=== PROVIDED INFORMATION ===
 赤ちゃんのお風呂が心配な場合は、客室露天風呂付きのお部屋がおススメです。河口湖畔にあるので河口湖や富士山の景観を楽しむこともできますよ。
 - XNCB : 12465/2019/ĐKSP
===
=== PROVIDED INFORMATION ===
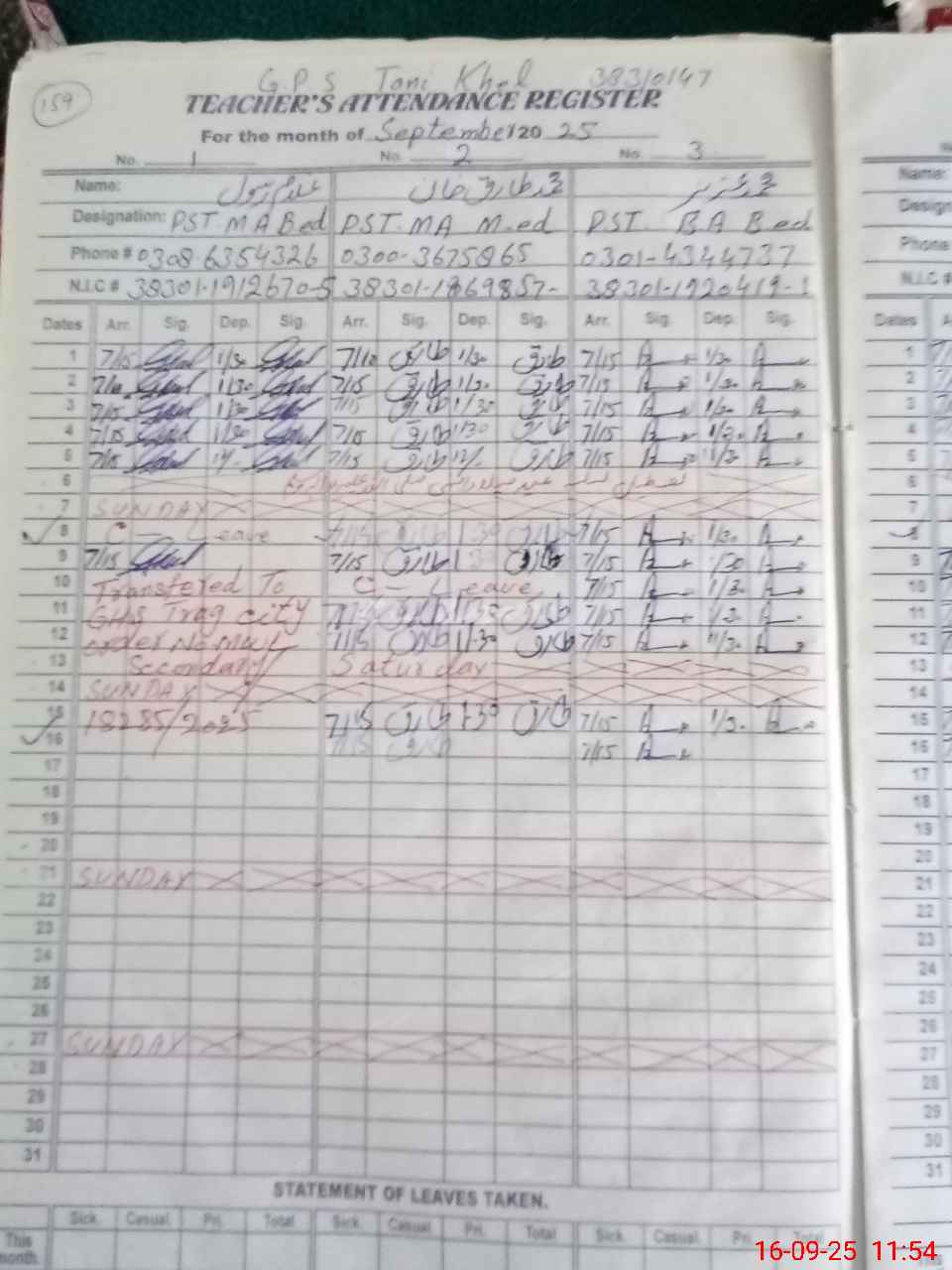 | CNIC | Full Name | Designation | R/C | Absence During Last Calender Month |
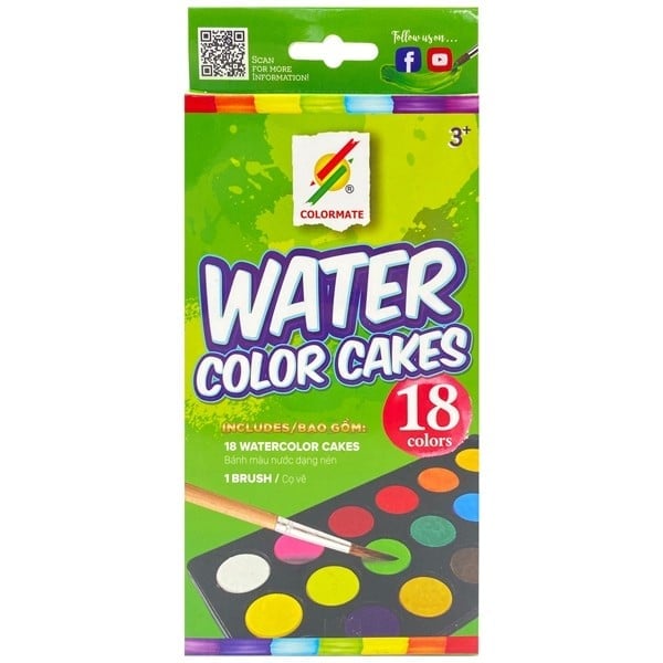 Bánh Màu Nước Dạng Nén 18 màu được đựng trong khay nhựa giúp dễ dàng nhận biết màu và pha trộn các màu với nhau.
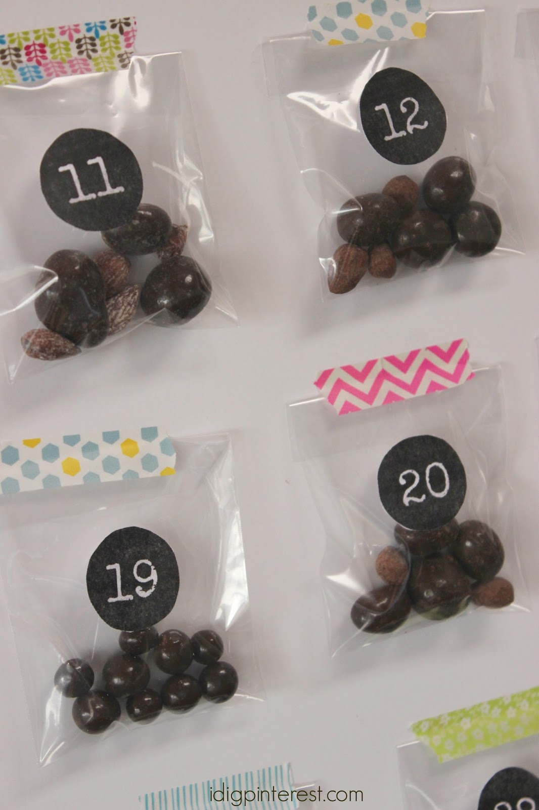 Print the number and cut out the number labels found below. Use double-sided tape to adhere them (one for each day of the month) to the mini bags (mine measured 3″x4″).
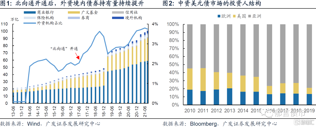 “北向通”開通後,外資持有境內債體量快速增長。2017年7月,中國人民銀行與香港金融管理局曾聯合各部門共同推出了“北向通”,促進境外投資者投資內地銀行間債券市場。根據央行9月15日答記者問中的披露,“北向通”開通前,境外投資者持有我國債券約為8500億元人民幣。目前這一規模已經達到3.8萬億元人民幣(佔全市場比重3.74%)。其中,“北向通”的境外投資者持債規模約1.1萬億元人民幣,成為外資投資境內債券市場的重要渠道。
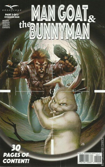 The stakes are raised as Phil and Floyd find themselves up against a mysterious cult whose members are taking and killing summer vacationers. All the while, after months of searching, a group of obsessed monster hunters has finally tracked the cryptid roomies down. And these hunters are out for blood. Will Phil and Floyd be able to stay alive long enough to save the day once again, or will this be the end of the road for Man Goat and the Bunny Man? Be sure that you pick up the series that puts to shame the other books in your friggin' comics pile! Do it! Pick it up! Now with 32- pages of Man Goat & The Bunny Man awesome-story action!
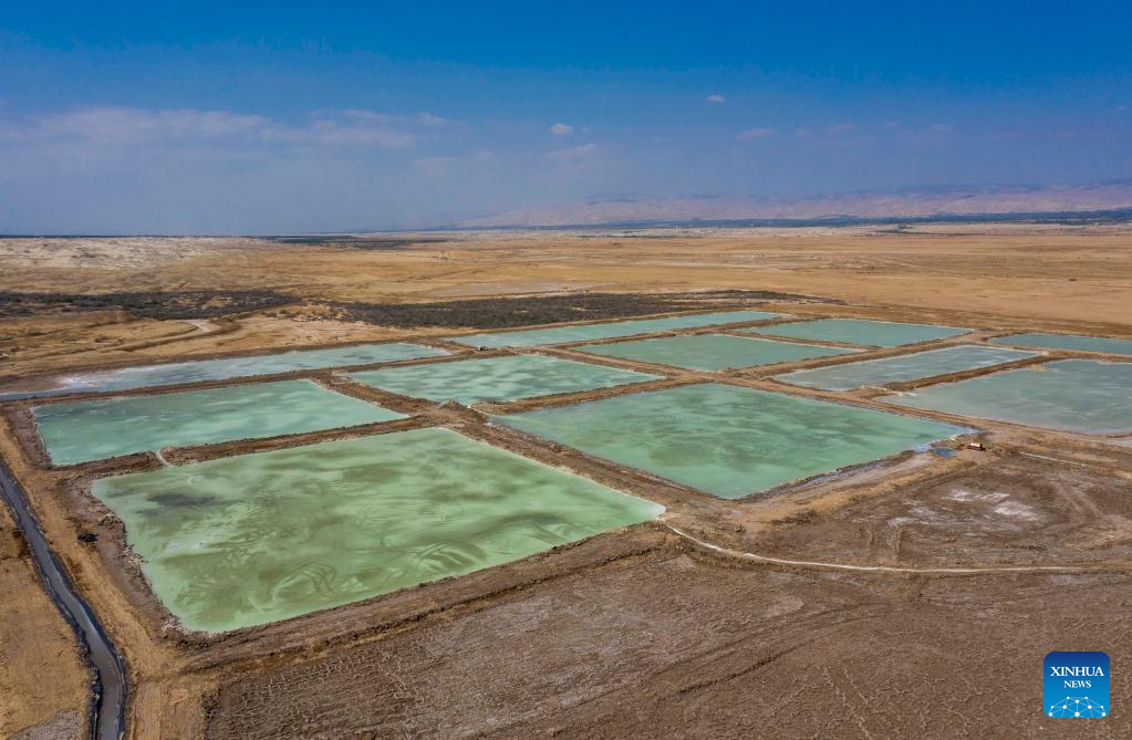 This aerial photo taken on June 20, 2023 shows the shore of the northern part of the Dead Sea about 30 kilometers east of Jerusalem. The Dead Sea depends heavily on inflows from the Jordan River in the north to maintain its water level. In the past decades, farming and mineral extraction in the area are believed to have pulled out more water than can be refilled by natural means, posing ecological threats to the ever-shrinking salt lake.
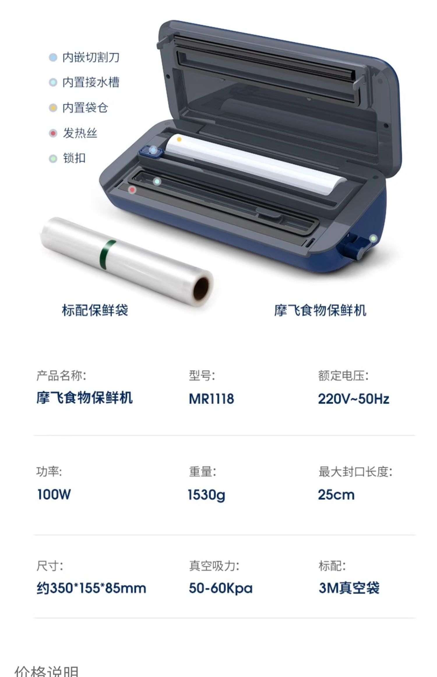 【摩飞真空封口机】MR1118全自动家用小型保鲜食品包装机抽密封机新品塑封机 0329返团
===
=== PROVIDED INFORMATION ===
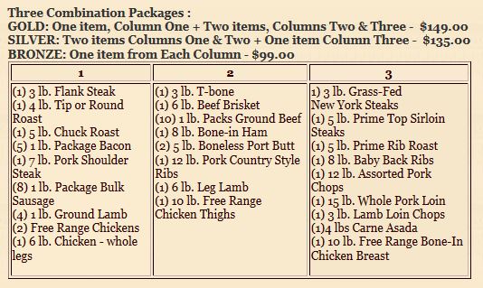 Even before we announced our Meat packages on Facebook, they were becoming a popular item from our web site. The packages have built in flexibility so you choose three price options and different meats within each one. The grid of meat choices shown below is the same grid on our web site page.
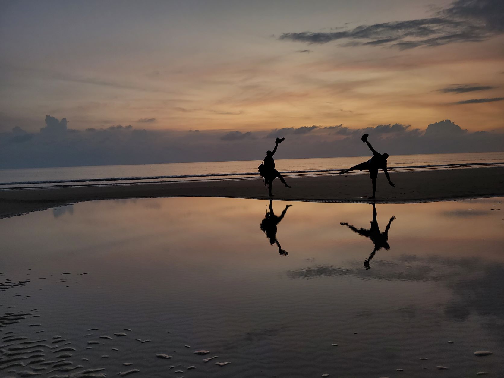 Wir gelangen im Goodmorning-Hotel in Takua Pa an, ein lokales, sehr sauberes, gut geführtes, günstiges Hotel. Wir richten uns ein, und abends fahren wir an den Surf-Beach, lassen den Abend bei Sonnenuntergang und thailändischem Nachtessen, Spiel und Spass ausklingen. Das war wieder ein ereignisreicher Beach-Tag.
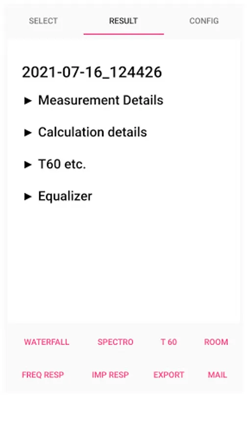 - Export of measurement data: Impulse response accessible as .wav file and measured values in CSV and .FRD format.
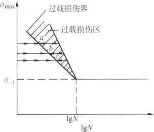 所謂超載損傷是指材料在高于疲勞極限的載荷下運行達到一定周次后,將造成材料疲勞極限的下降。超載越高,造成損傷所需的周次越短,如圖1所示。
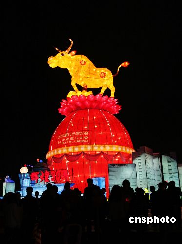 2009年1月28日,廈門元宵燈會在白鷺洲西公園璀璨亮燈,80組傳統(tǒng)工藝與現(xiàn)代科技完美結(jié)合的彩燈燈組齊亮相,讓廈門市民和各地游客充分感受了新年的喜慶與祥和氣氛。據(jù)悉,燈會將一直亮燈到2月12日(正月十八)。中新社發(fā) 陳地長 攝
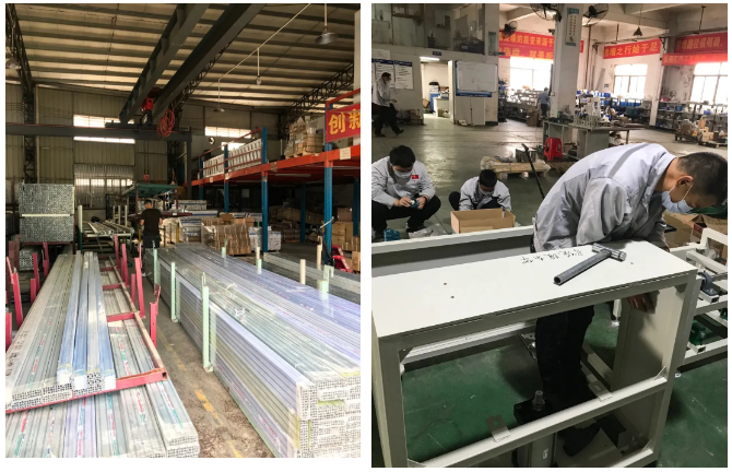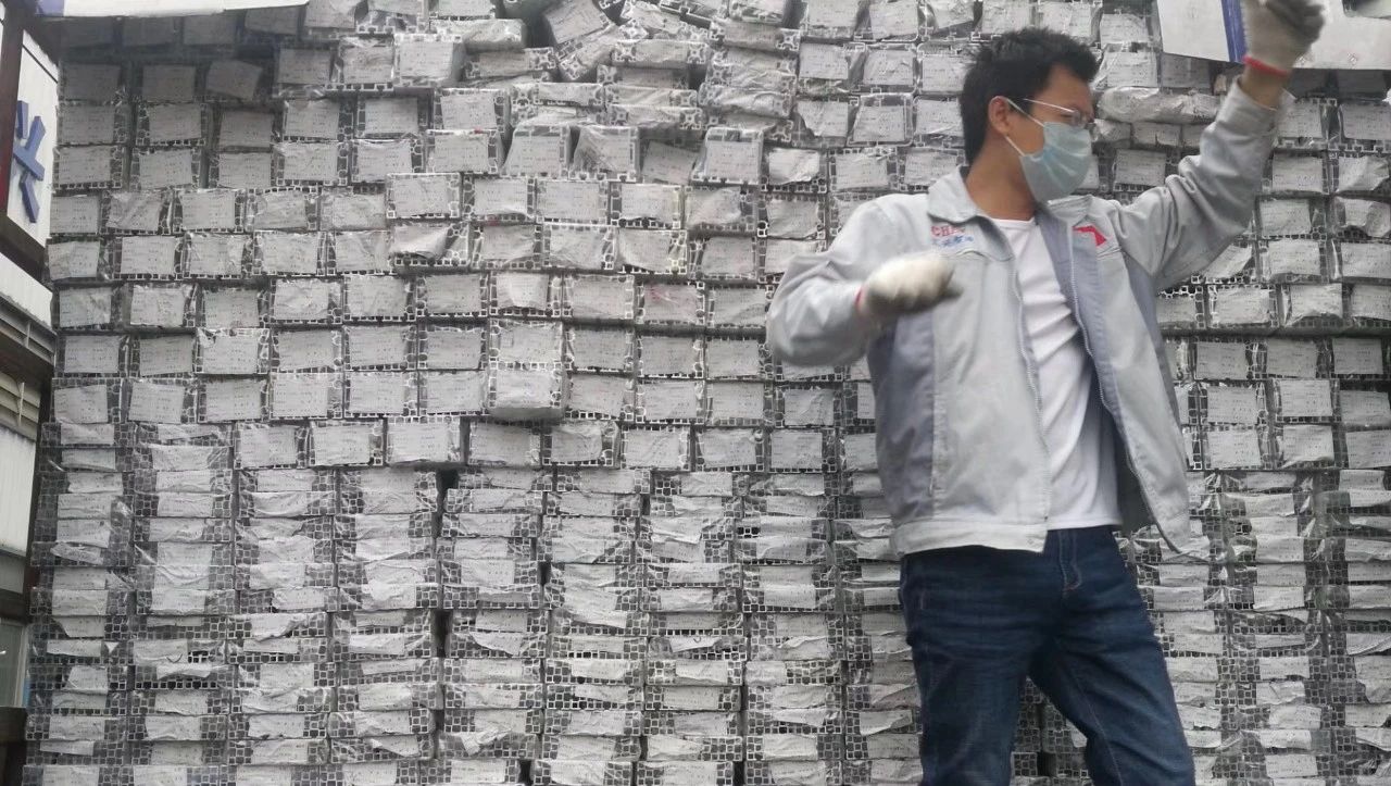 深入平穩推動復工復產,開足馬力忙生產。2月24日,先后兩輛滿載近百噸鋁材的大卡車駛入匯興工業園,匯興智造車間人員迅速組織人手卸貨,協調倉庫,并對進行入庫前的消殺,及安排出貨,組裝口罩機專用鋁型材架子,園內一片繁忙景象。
===
Starting at the line above that contains "赤ちゃんのお風呂が心配な場合", repeat each line exactly up to and including the line that contains "- XNCB : 12465/2019/ĐKSP", and stop there.

 赤ちゃんのお風呂が心配な場合は、客室露天風呂付きのお部屋がおススメです。河口湖畔にあるので河口湖や富士山の景観を楽しむこともできますよ。
 - XNCB : 12465/2019/ĐKSP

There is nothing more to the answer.